Teaching is not a pit stop.
Teaching is a calling; it is an end in itself, and not a layover between graduate degrees. My boss teaches middle school after several years in the business world and a decade or so of mothering. I'm glad she's getting her masters, and I'm glad she's gone back to work somewhere important, but I found out a few days ago that she doesn't plan to stay. She's not a bad teacher-- she's more effective than many, unfortunately, but you can tell that she's not with the kids. She holds her biological children up as academic ideals and is quicker to catagorize kids as unintelligent than I would like. Finally able to work with a boy she's been considering as not smart enough for our college preperatory program, I uncovered an incredible curiousity masked by huge gaps in his education. He is blocked by his misguided ideas that the sun is an asteroid and that wind is caused by the earth's rotation, but his desire to learn is real and waiting to be harnessed by someone who's interested in teaching him, instead of doubting him.

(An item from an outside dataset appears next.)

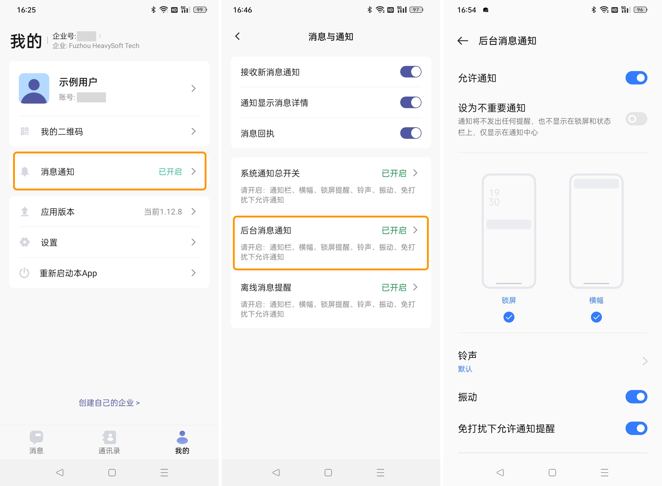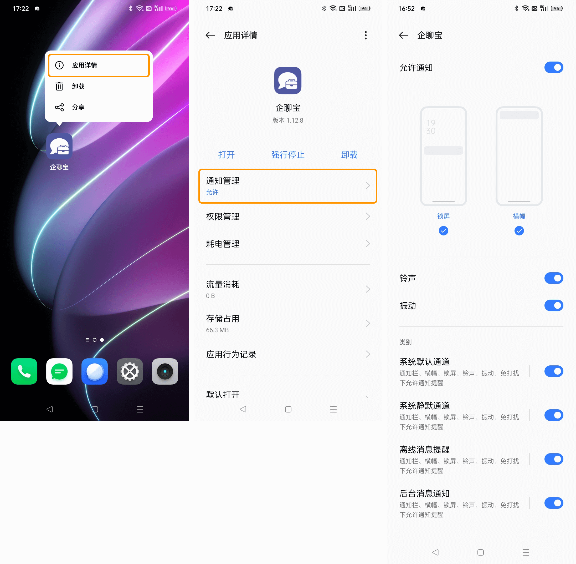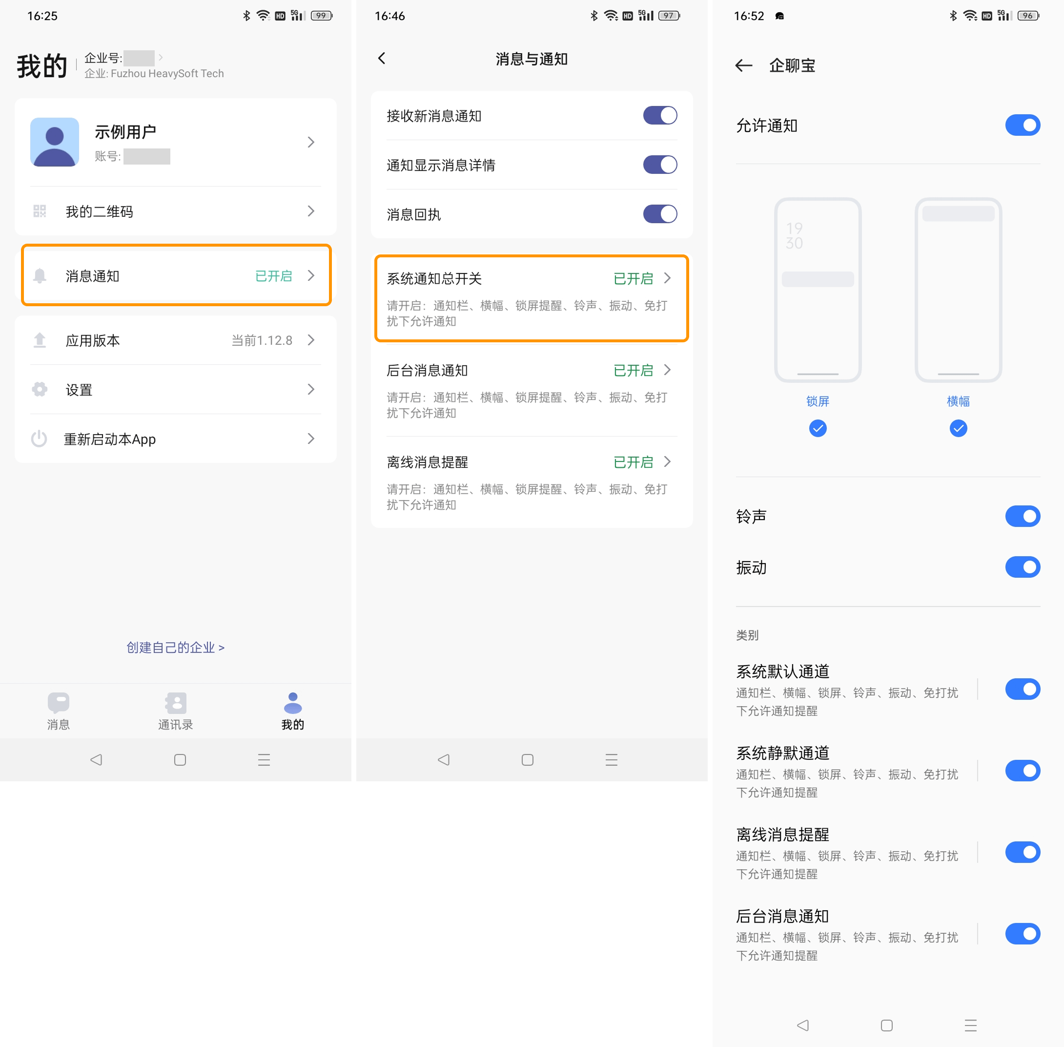 或者在手机的 设置->应用管理或应用设置->找到“企聊宝”App->打开通知管理或通知设置。

My boss says that she doesn't feel challenged as she'd like to be in her current position. She wants to teach at the University level. College students are complicated, but we have nothing on middle-schoolers, especially these middle-schoolers. Every other kid has a home life I can't imagine, and the social pressures of adolescence are pushing into their lives, but there is so much potential in each one of them that needs to be teased out and pushed. The longer no one expects anything out of them, the smaller that pool of potential becomes.
Middle school is a bridge to professorship for my boss, because she is not being intellectually challenged.
My boss teaches Foods.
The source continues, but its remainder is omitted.